According to these rules, the proportion of FNAs in the test set decreased from 64.2% to 23.3% (p < 0.001), while the proportion of missed malignant tumors decreased from 11.6% to 5.3% (p < 0.001). The detailed comparison between ACR criteria and ThyGPT-assisted H-PPV approach is presented in Supplementary Table 5. Among 2167 nodules requiring FNA according to ACR criteria, 1459 (67.3%) did not require FNA when applying the above H-PPV and H-NPV rules. In the H-PPV subgroup identified by ThyGPT, there were 903 cases, of which 886 were malignant and 17 were benign, with an accuracy of 98.1%.
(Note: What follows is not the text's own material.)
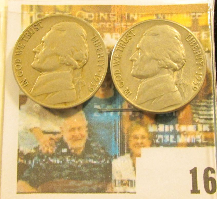 1939 D & S Jefferson Nickel pair, VF.

Communication between ThyGPT and radiologists
Figures 4, 5 display several representative cases. For the cases shown in Fig. 4, radiologists’ initial judgment was not entirely accurate; however, they modified their diagnoses after consulting and reviewing the ThyGPT analysis. Specifically, for Sample 1 in Fig. 4, the radiologist’s initial diagnosis was a benign nodule with ACR TR category 4, whereas ThyGPT identified the nodule as malignant after analyzing the US image. During the inquiry process, ThyGPT analyzed and explained the relationship between its diagnosis and nodule components to the radiologist. Consequently, the radiologist revised the final diagnosis after considering ThyGPT’s assessment. For Sample 2 in Fig. 4, ThyGPT evaluated the nodule as malignant, highlighting key malignant features present in the solid areas. The radiologist accepted ThyGPT’s assessment and revised the diagnosis following their interactive session.
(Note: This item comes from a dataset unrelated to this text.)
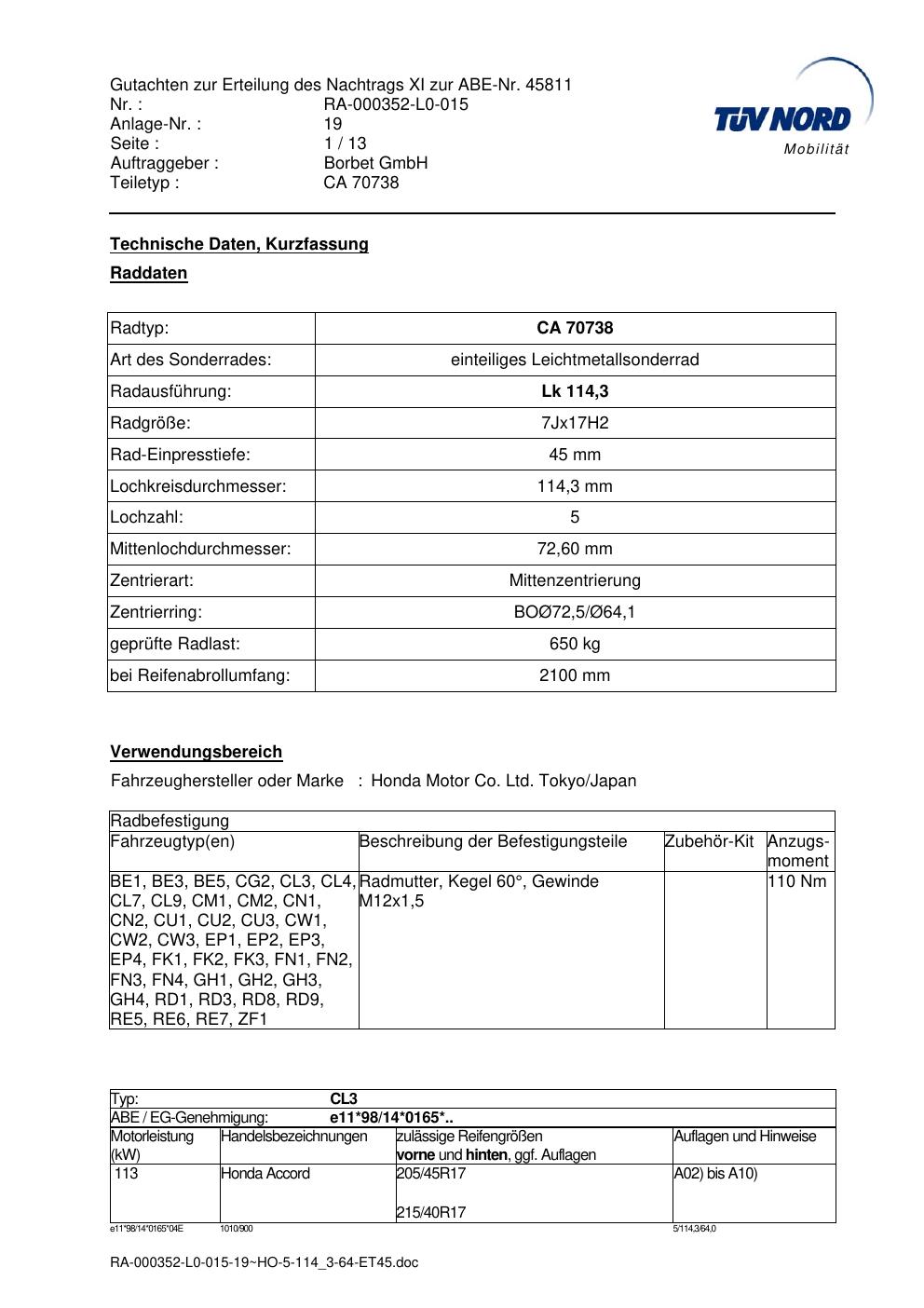 Dieses Gutachten (abe) bezieht sich auf die Alufelge Borbet CA 70738 in der Ausführung 7Jx17 ET 0, Mittenloch 0 mm (KBA 45811). Im PDF findest du typischerweise zulässige Reifengrößen, Auflagen/Anbauhinweise und – je nach Dokument – Hinweise zur Eintragung.

a Radiologist’s initial diagnosis: ACR TR category 4, likely to be benign. ThyGPT’s assessment: ACR TR category 4, malignant nodule, with a malignancy score of 0.83. The radiologist consulted ThyGPT and updated the diagnosis: ACR TR category 4, likely to be malignant. Final pathological result: a malignant nodule. b Radiologist’s initial diagnosis: ACR TR category 3, likely to be benign. ThyGPT’s assessment: malignancy score 0.86. The radiologist consulted ThyGPT and updated the diagnosis: likely to be malignant. Final pathological result: a malignant nodule.
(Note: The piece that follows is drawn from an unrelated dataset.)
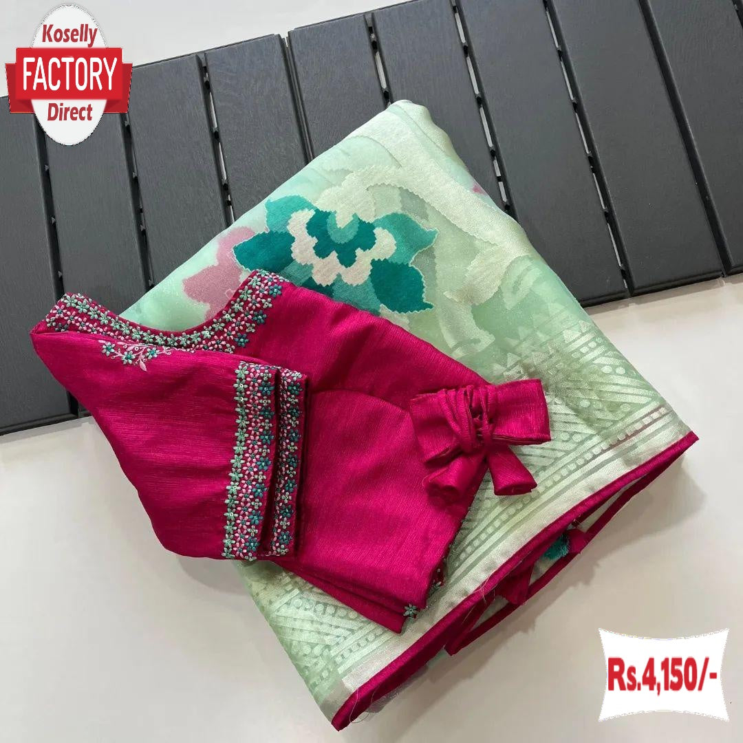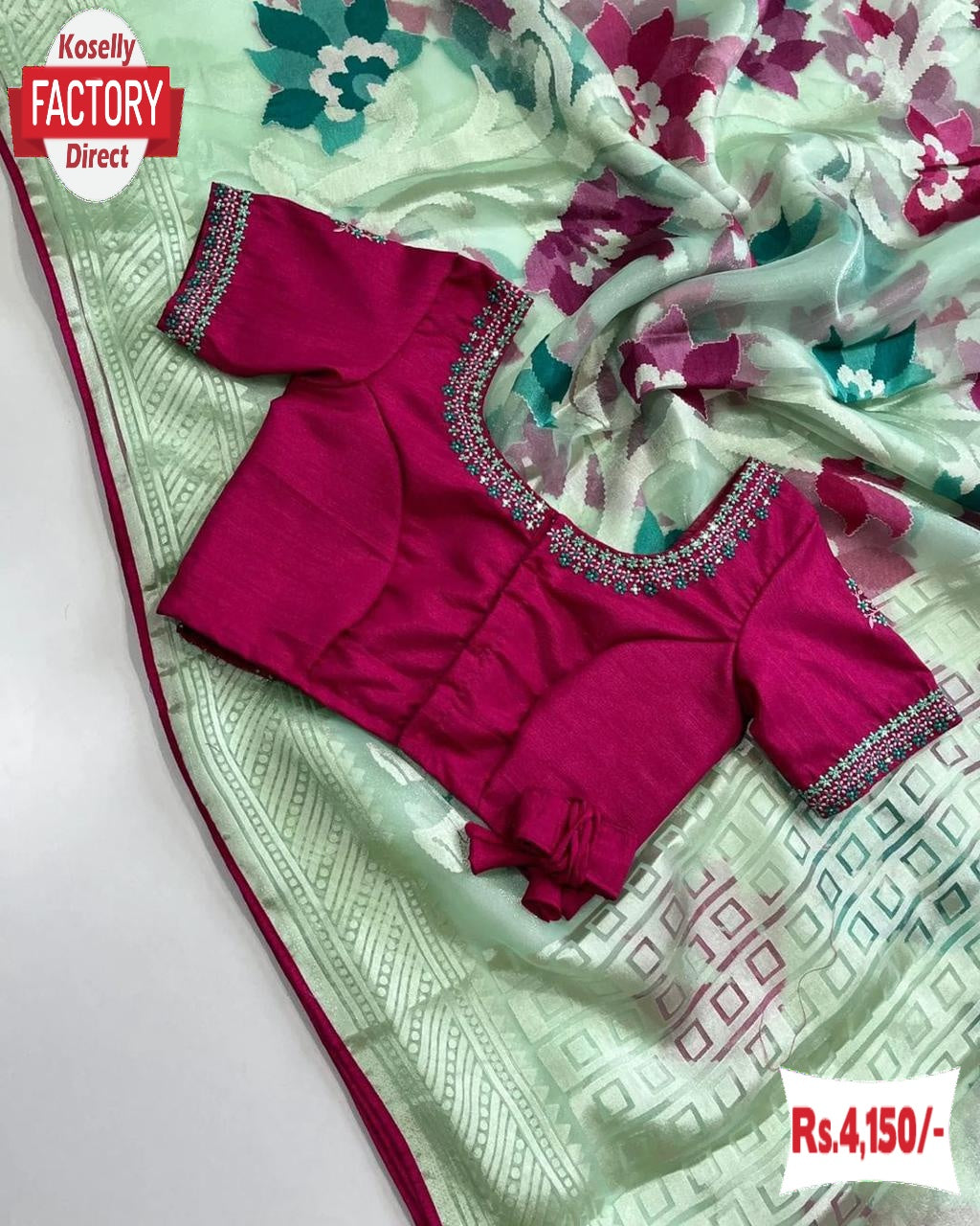 Stay cool and sophisticated in this faint green pure organza brasso partywear saree. This lightweight saree features softy organza fabric and a flowy fit, perfect for a comfortable look that won't sacrifice style. It boasts intricate multicolour Brasso work and a fabulous rich Brasso pallu, complemented by contrast piping and embroidered detail for the hands and neck on a chic un-stitched blouse.

a Radiologist’s initial diagnosis: ACR TR category 4, likely to be malignant. ThyGPT’s assessment: ACR TR category 4, likely to be benign, with a malignancy score of 0.29. The radiologist consulted ThyGPT and insisted on their initial diagnosis. Final pathological result: a malignant nodule. b Radiologist’s initial diagnosis: ACR TR category 3, likely to be benign. ThyGPT’s first assessment: ACR TR category 4, likely to be malignant, with a malignancy score of 0.75. ThyGPT’s second assessment: likely to be benign, with a malignancy score of 0.21. The radiologist consulted ThyGPT and insisted on their initial diagnosis. Final pathological result: a benign nodule.
Figure 5 presents cases where clinical radiologists correctly diagnosed the nodules, whereas ThyGPT committed errors. Sample 1 in Fig. 5 was a malignant nodule, but ThyGPT assessed it as benign, with a score of 0.29. However, the radiologist found that the detection result was inaccurate, so they prompted ThyGPT to re-detect the nodule. ThyGPT accurately detected the nodule in the second round, but ThyGPT’s auxiliary diagnostic conclusion did not convince the radiologist. Finally, the radiologist maintained the diagnosis of the nodule as likely malignant, and the final pathological result supported the radiologist’s diagnosis. Conversely, Sample 2 in Fig. 5 was a benign nodule, which ThyGPT incorrectly assessed as malignant. The radiologist deemed the heatmap overly concentrated on hyperechoic areas (and thus lacking in reference value), questioned the model’s judgment and instructed the model to recalculate, ignoring the erroneous features in the hyperechoic areas. The model then provided a correct diagnosis following the radiologist’s directive.
Table 3 provide a detailed analysis of missed malignant nodules by ThyGPT, radiologists, and the model-assisted radiologists. Notably, follicular thyroid cancer (FTC) was the most difficult to identify, with radiologists missing 44.7% of cases, compared to the 17.0% missed by ThyGPT. Small nodules (<10 mm), particularly TR3 nodules, spongiform/cystic compositions, and iso/hyperechoic patterns, showed higher miss rates across all methods. However, the integration of ThyGPT with radiologists consistently improved detection rates, reducing missed cases closer to, or even matching, ThyGPT’s standalone performance, suggesting that AI assistance could effectively complement human expertise.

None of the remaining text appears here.